Katherine "Kat" Lasonde '23, from Winnetka, IL, is majoring in engineering physics with a minor in computer science. She is pictured with Professor Eric Fossum in Dartmouth's Class of 1982 Engineering and Computer Science Center. (Photo by Don Hamerman)

Why is quantum computing such a groundbreaking field?

Kat: Because quantum computers use laws of quantum physics rather than classical physics, they're really good at simulating molecules and molecular structures. Quantum computers have the potential to simulate different types of carbon neutral or carbon negative molecules that can significantly help the environment. For instance, to run a simulation of nitrogenase on a regular laptop or classical computer would take more than eight trillion years. The same simulation would take less than a day on a quantum computer. Because quantum computers aren't powerful enough at present to simulate molecules that help counteract climate change, my plan is to work on building those computers. Specifically, I'm exploring the use of Professor Fossum's quanta image sensor for quantum computing applications.

Professor Fossum: The goal is to investigate whether the quanta image sensor technology, which originated in my lab, might be useful for quantum computing readout of qubits, the memory storage bits for quantum computers. Kat is working with the physics department and Thayer School of Engineering to try to create a proof-of-concept experiment that shows that the use of the quanta image sensor technology—because of its super low-light sensitivity—makes for better readout than standard camera technology.

How did you become interested in quantum computing?

Kat: My dad was an engineer, so I grew up fascinated by the ability to fix and build things and never lost my love of tinkering. In my first year at Dartmouth, I was matched with Professor Whitfield, who studies quantum computing in the physics department, through the Women in Science Program. I had no idea what a quantum computer was, but as I started doing more and more research, I ended up really enjoying it and wanted to further explore the hardware work that Professor Fossum does. I emailed him out of the blue and said, "Hi, my name's Kat, and I'm really interested in doing work with you." And he said "Cool! Sounds great."

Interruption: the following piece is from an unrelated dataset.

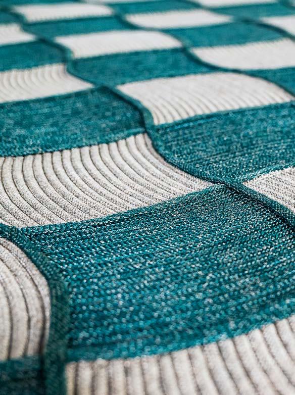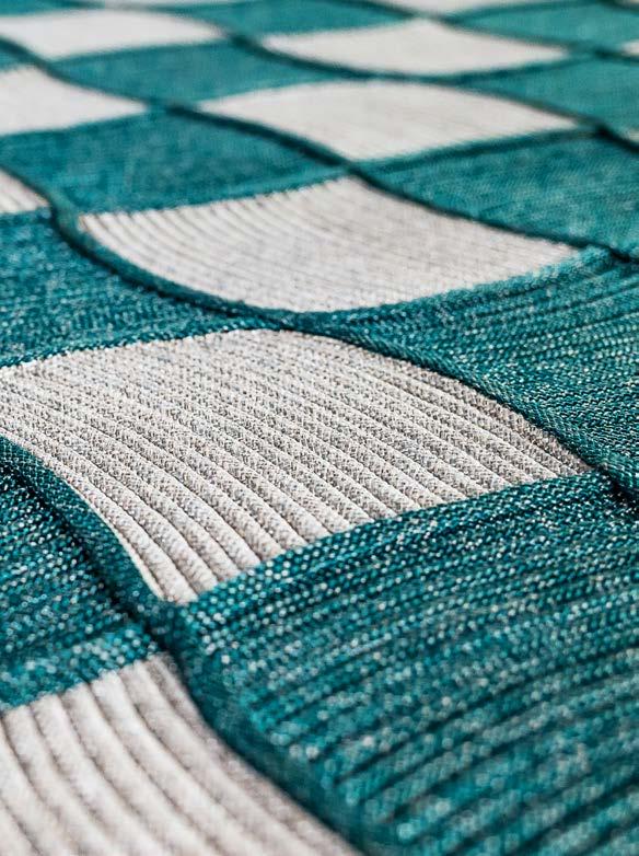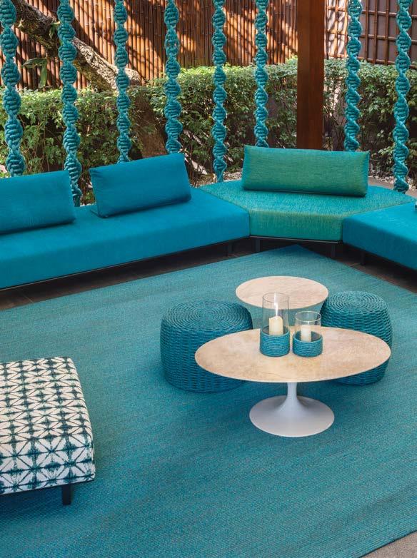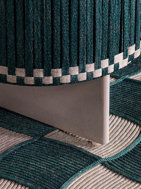 Each cabinet features unique patterns and textures that mimic the ebb and flow of the waves, and the marble inlays add a touch of sophistication and luxury. The rugs feature a new handmade knitting technique developed with Tidelli craftsman specifically for this collection.

Professor Fossum: The fact that I have this chance to work with Kat to explore this area is an awesome opportunity for me, too. Working with undergraduates is fun because they're filled with enthusiasm, and Kat's really tried hard to learn what the state of the art is in this area and to advance that.

Kat: When I first started this project, I actually didn't even know that I wanted to connect it back to environmental science. But because I had that time in Professor Fossum's lab and exposure to his image sensor technology, I thought, "Oh, maybe I can build a quantum computer and then stop climate change." It's given me a lot of confidence that this is what I want to do. After graduation, I hope to work in the quantum computing industry and one day earn my master's in environmental science or environmental technology.

What's special about doing research at Dartmouth in particular?

Professor Fossum: There are two aspects to doing research. One is drilling deep in particular fields—I'm kind of a 'driller' in the image sensor field. But there's also the dimension of cross-disciplinary work—instead of drilling down, you're drilling across. That's equally important, and I think Dartmouth has done a good job of supporting both modes of research.

Kat: I've been able to have hands-on research experience as an undergraduate in a really renowned laboratory with someone who has helped so many students before me. The ability to do cutting-edge research is just so cool. Quantum computing is a very young field, so there's a lot of potential for me to make an impact.

Professor Fossum: The reason I came to Dartmouth after being retired twice was to give back to society and to give back to people. Dartmouth is an outstanding place for undergraduate education not just because of the experiential learning that happens in its classrooms. The College also offers students opportunities to work closely with faculty members on leading-edge research across the campus. If I were an undergraduate and I had a long-term interest in furthering knowledge, this would be a top stop for me.